Over the last week or so, something has definitely shifted in the national approach to coronavirus, life, and the determination to look beyond the current crisis towards whatever we are going to eventually come to accept as the “new normal.”

East Anglian Daily Times: Under Sir Keir Starmer's leadership, Labour has looked much more effective than it did. Picture: JESSICA TAYLOR/HOUSE OF COMMONS/PAUnder Sir Keir Starmer's leadership, Labour has looked much more effective than it did. Picture: JESSICA TAYLOR/HOUSE OF COMMONS/PA (Image: HOC/JESSICA TAYLOR)

We are still very much in the crisis. But as the Prime Minister said in his address to the nation, there is a hint of light at the end of the tunnel and we are beginning to contemplate what life will be like as we emerge from the toughest elements of the lockdown.

And one element of that emergence is the fact that politics appears to be getting back to something like normality again after eight weeks of being caught in a medical maelstrom.

That really should be worrying Boris Johnson, his ministers and Tory MPs – because I’m really not sure they realise what is about to engulf them.

We really have been going through a really strange political period over the last few weeks with Labour getting a new leader and the government apparently riding high in the small number of opinion polls that have been published.

I’m not really surprised by the government’s popularity. At times of national crisis people like to be able to feel that the people in charge know what they are doing and tend to give ministers the benefit of the doubt.

And let’s be honest. Whoever was in charge. Whatever decisions were made on testing, PPE, Nightingale Hospitals, or dealing with care home residents tens of thousands of people would have died with Covid-19 in their system.

Now, though, as we start to emerge through the other end of the crisis political arguments are starting to rear their heads and government ministers are really going to have to start earning their corn again.

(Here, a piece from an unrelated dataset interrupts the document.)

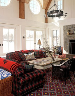 I'm mad for plaid but only in small doses--a soft blanket or pillow on a lounge chair or sofa provides just the right amount of plaid panache for me and can be easily changed based on the season and my ever changing whim. I think style icon Lee Radziwill's pied-a-tierre in Paris, which features a vintage cream Christian Liaigre's sofa stylishly draped in an earth toned plaid throw, hits just the right note. Subtle and casually chic, the plaid throw softens the sofas angular shape juxtaposing nicely with the paired glass and brass coffee tables. Ms. Radziwill makes it look oh so easy!

Because the opposition they are facing on this side of the epidemic is very different to what they faced as the country went into crisis.

And the first signs that the public seem to realise this came in some polls last weekend which showed Labour on the rise.

The Tories will say, with some justification, that Labour really couldn’t get any lower – but the Labour leadership in late May is very different to the Labour leadership in late March. It is more organised and more professional. It looks as if the adults have taken over from the student union activists who have been playing Fantasy Politics for the last four and a half years!

Sir Keir Starmer and his team are starting to ask probing questions – and are looking like a credible opposition.

And I suspect some members of the public, who have not been too sympathetic to Labour for a decade, are beginning to listen to them.

It was a strange decision for the government to bring its Immigration Bill back to Parliament this week – seeking to close the door on low-wage immigrants that the country has been relying on so heavily for the last few weeks.

The care workers, the hospital porters and cleaners, the nursing assistants – many from the EU, many of whom would not earn enough to pass the government’s “skills” threshold – are the people that millions of us stand outside our doors every Thursday night to clap.

People of all political persuasions are joining in with the Clap for Carers – but if Labour manage to get their message through that this immigration bill could turn off the supply of carers from Poland or healthcare assistants from Portugal, that might prompt some people to think again before casting their vote at the next election.

And I was particularly disappointed to see the comment in the House of Commons this week that uncontrolled mass migration from the EU was putting pressure on some communities’ hospitals.

I accept some people believe that is the case but where is the evidence for this? Not the gut feeling of people who have read ill-informed rants in national tabloids. The actual hard evidence?

Everyone I have ever spoken to who has worked in a hospital has told me that without those born outside the UK the health service would collapse. And they make it clear they don’t just mean surgeons or ward sisters, they also mean the cleaners, the porters, and other ancillary staff.

The Immigration Bill comes back later this year. I hope that by then the government has found ways to support those people whose work is vital in the health and care sectors.